* Work order: From the first line to the last, repeat the data exactly and drop the pictures.

Collected data Start Marker

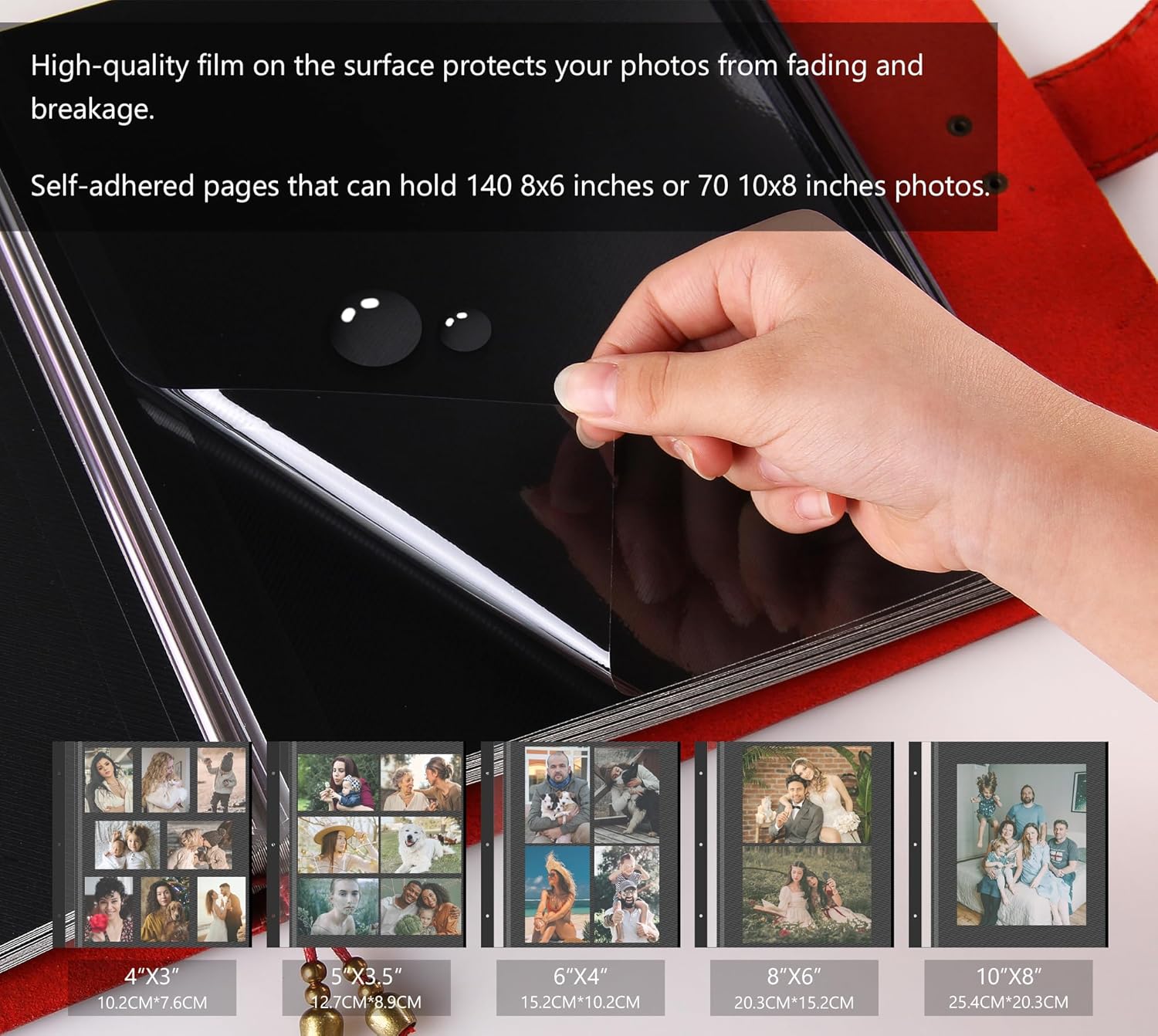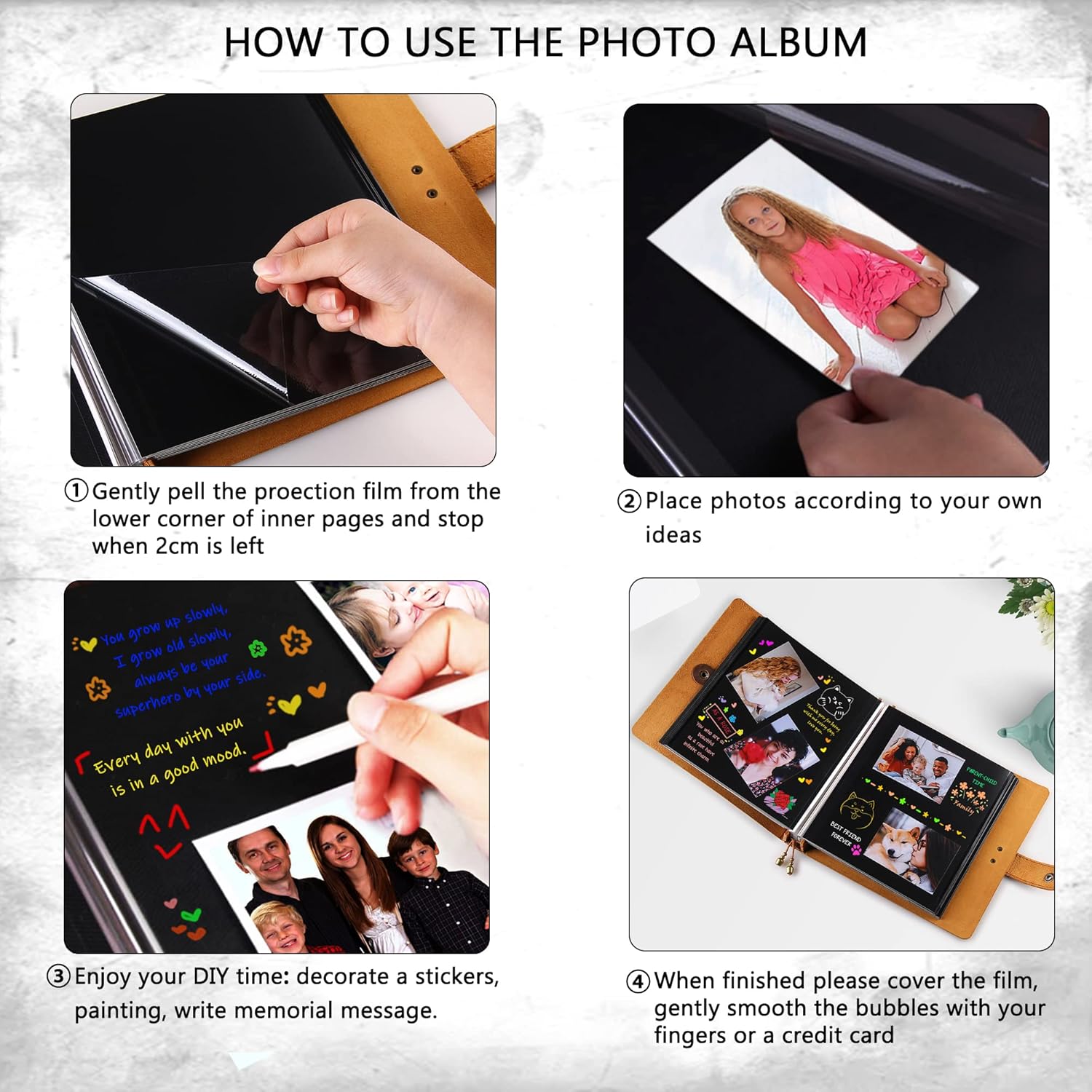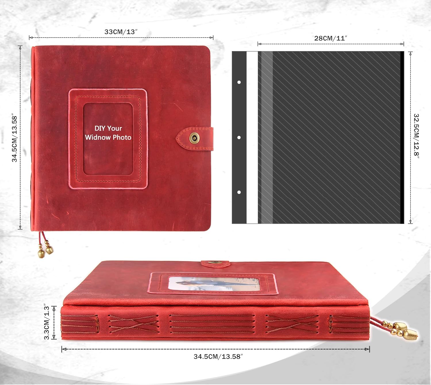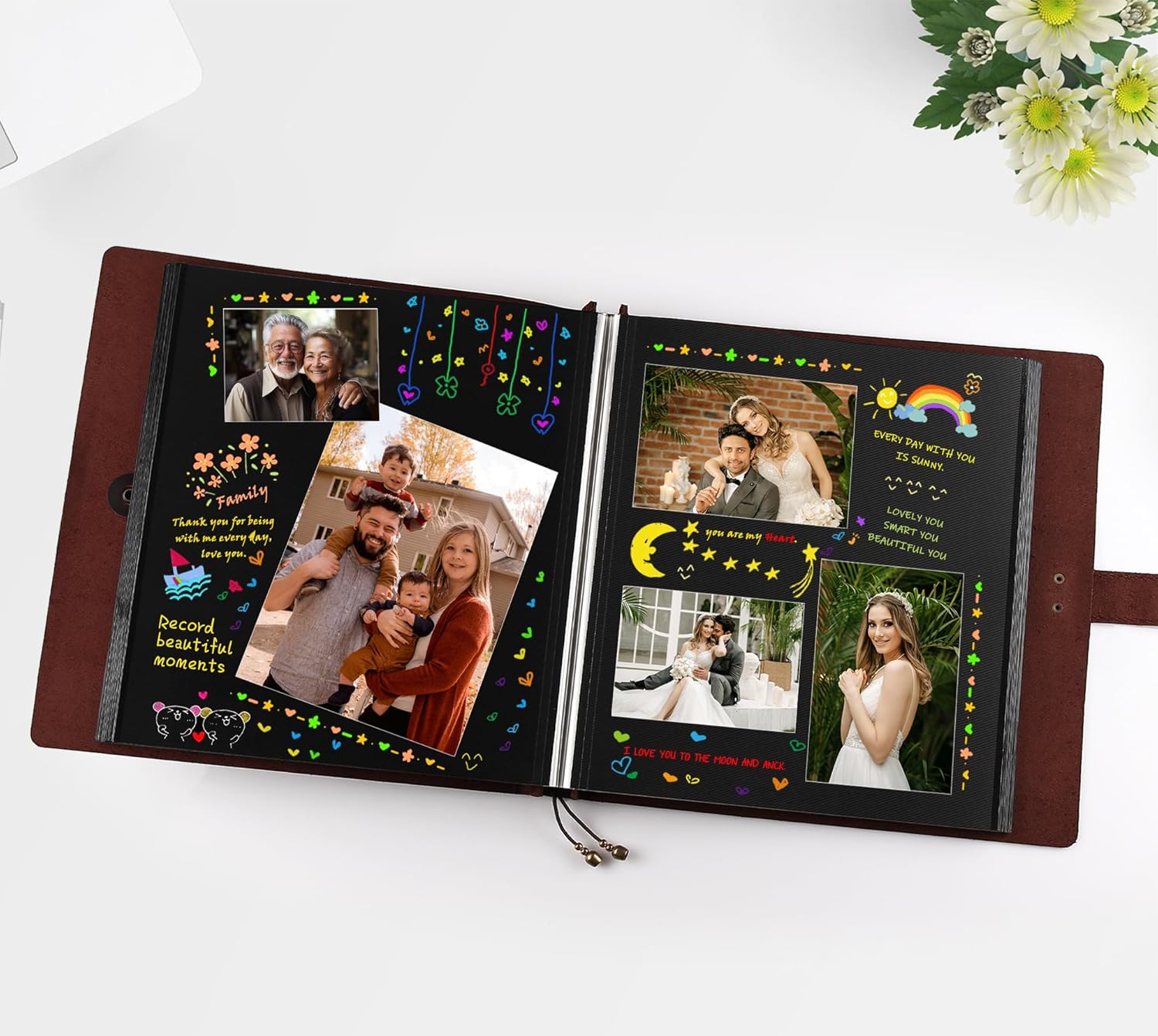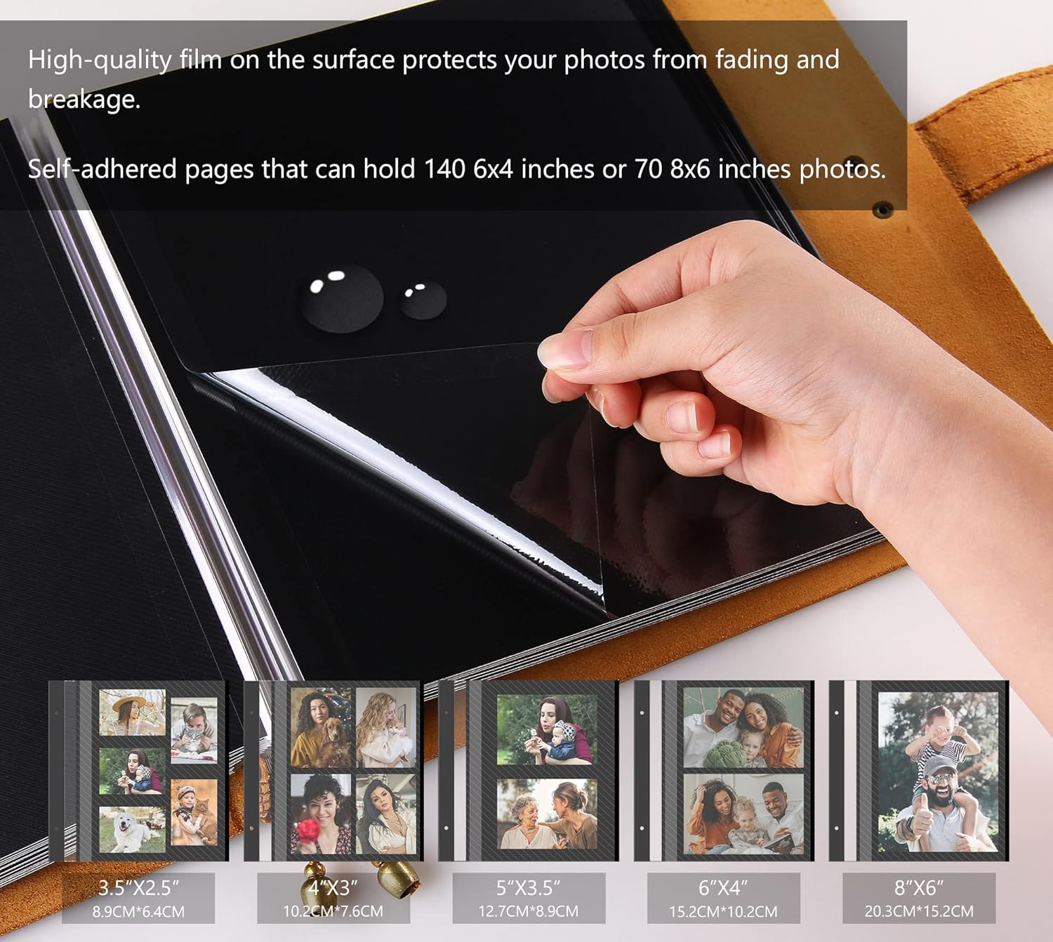 Leather photo Album Self Adhesive Pages, Handamde Leather Scrapbook Photo Album, Wedding Family Album, Holds 3x5, 4x6, 5x7, 6x8, 8x10 Photos - Coffee
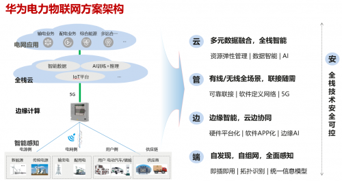 華為構(gòu)建了“云管邊端”的電力物聯(lián)網(wǎng)方案架構(gòu),并且由端到云全棧技術(shù)安全可控?!霸啤庇蒊oT平臺、智能數(shù)據(jù)和AI共同構(gòu)建數(shù)字化底座,并支撐電網(wǎng)業(yè)務(wù)云化應(yīng)用;“管”提供可靠聯(lián)接,有線/無線全場景隨需靈活聯(lián)接;“邊”具備邊緣計算、云邊協(xié)同和AI能力;“端”全面感知電網(wǎng)信息,支持自描述、自發(fā)現(xiàn)和即插即用。
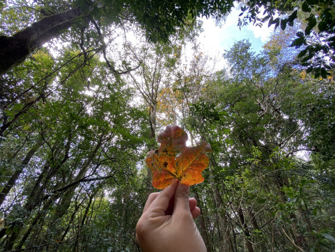 Dù vậy, tôi cũng không quên ngắm nhìn những loài hoa trái dọc đường. Vài cây phong đang trút lá vàng nổi bật giữa những tán rừng xanh. Vài loại quả đủ loại xanh đỏ tím vàng màu sắc bắt mắt, bạn tôi cảnh báo ngay rằng chỉ chụp hình thôi đừng dại dột đụng vào hay ăn thử, ngửi thử. Ngay cả tên gọi của chúng bọn tôi còn không biết, đương nhiên không dám mạo hiểm rồi. Chúng tôi còn trầm trồ không ngớt với những cây gỗ to phủ đầy rêu xanh, sừng sững vươn cao ngạo nghễ.

Collected data End Marker

* Solved exercise:
 Leather photo Album Self Adhesive Pages, Handamde Leather Scrapbook Photo Album, Wedding Family Album, Holds 3x5, 4x6, 5x7, 6x8, 8x10 Photos - Coffee
 華為構(gòu)建了“云管邊端”的電力物聯(lián)網(wǎng)方案架構(gòu),并且由端到云全棧技術(shù)安全可控?!霸啤庇蒊oT平臺、智能數(shù)據(jù)和AI共同構(gòu)建數(shù)字化底座,并支撐電網(wǎng)業(yè)務(wù)云化應(yīng)用;“管”提供可靠聯(lián)接,有線/無線全場景隨需靈活聯(lián)接;“邊”具備邊緣計算、云邊協(xié)同和AI能力;“端”全面感知電網(wǎng)信息,支持自描述、自發(fā)現(xiàn)和即插即用。
 Dù vậy, tôi cũng không quên ngắm nhìn những loài hoa trái dọc đường. Vài cây phong đang trút lá vàng nổi bật giữa những tán rừng xanh. Vài loại quả đủ loại xanh đỏ tím vàng màu sắc bắt mắt, bạn tôi cảnh báo ngay rằng chỉ chụp hình thôi đừng dại dột đụng vào hay ăn thử, ngửi thử. Ngay cả tên gọi của chúng bọn tôi còn không biết, đương nhiên không dám mạo hiểm rồi. Chúng tôi còn trầm trồ không ngớt với những cây gỗ to phủ đầy rêu xanh, sừng sững vươn cao ngạo nghễ.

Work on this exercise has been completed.